When I retired from the 'day job' and moved down here to 'zunny Zummerzet' I was in desperate need of a hobby to provide me with an excuse for not doing the hundred - nay, thousand - and one jobs the Memsahib kept finding for me. As you all know, I am one of nature's great bores but, alas, friends and acquaintances quickly learn this and run for cover on my approach. Thus, it became necessary for me to find a source of suckers, sorry, I mean audiences who would put up with me for the occasional hour. Thus, I started giving talks to various unwary groups which was very much better than sending my friends to sleep because at the end of my scintillating talks - they paid me!
So, for the last dozen years or so I have droned my way round the South West but, alas, much as I love the sound of my own voice, I'm even beginning to bore myself! So, yesterday, I retired, but did so on a high with not one but two Shakespearean 'bore-a-thons', or if you like, darlings, a matinee followed by an evening performance. Happily, well, for me at any rate, both talks were my favourite - "A Nun, a Tart and a Dark Lady".
I shall miss those ladies.
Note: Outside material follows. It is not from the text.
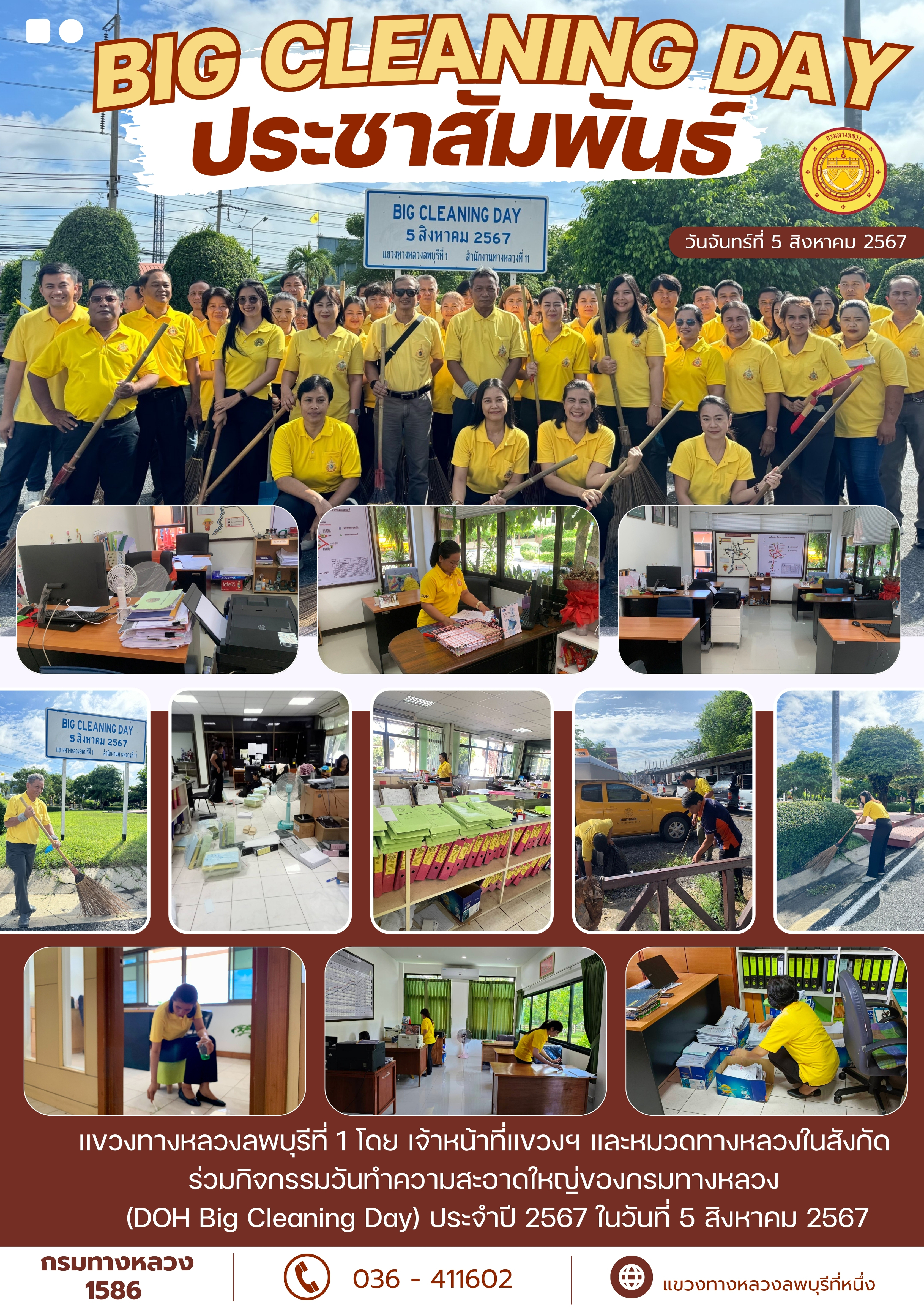 แขวงทางหลวงลพบุรีที่ 1 โดย เจ้าหน้าที่แขวงทางหลวงลพบุรีที่ 1 ร่วมกิจกรรมวันทำความสะอาดใหญ่ของกรมทางหลวง (Doh.BigCleaning Day) ประจำปี 2567 โดยดำเนินการทำความสะอาดภายในสำนักงาน บริเวณสำนักงานแขวงทางหลวงลพบุรีที่ 1 เพื่อเป็นการสร้างจิตสำนึกที่ดีให้แก่เจ้าหน้าที่ทุกระดับร่วมกันดำเนินกิจกรรม 5 ส. อย่างต่อเนื่อง อีกทั้งยังเป็นการสร้างระเบียบวินัยในองค์กร ณ สำนักงานแขวงทางหลวงลพบุรีที่ 1

The first two, of course, are based on Shakespeare's inventions, Isabella, the young nun from Measure for Measure, and Cressida from his second greatest play Troilus and Cressida. (The greatest, of course, is King Lear!) Needless to say, Cressida is not a tart although it took nearly 300 years for audiences to gradually realise it. The Dark Lady, of course, was not a Shakespearean invention. Emilia Lanier (née Bassano) was all too real and, one may infer from Shakespeare's Sonnet sequence, she was also exceedingly hot! I love all three of those ladies and whilst I will miss boring on talking about them, they will remain in my heart for ever.
Why retire Duffers? If people want you to speak on a subject about which you are passionate and can hold their attention you should continue to do so.
If you are tired of doing so then fair enough but you are a long time "under the daisies" and you need to make the most of your time above them doing the things you like.
Posted by: AussieD | Wednesday, 11 October 2017 at 10:07
AussieD is right... "for the last dozen years or so I have droned my way round the South West". Well, the South East is still wide open!
Posted by: Whitewall | Wednesday, 11 October 2017 at 12:32
Have you considered having one final encore recorded and uploaded to Youtube, for posterity?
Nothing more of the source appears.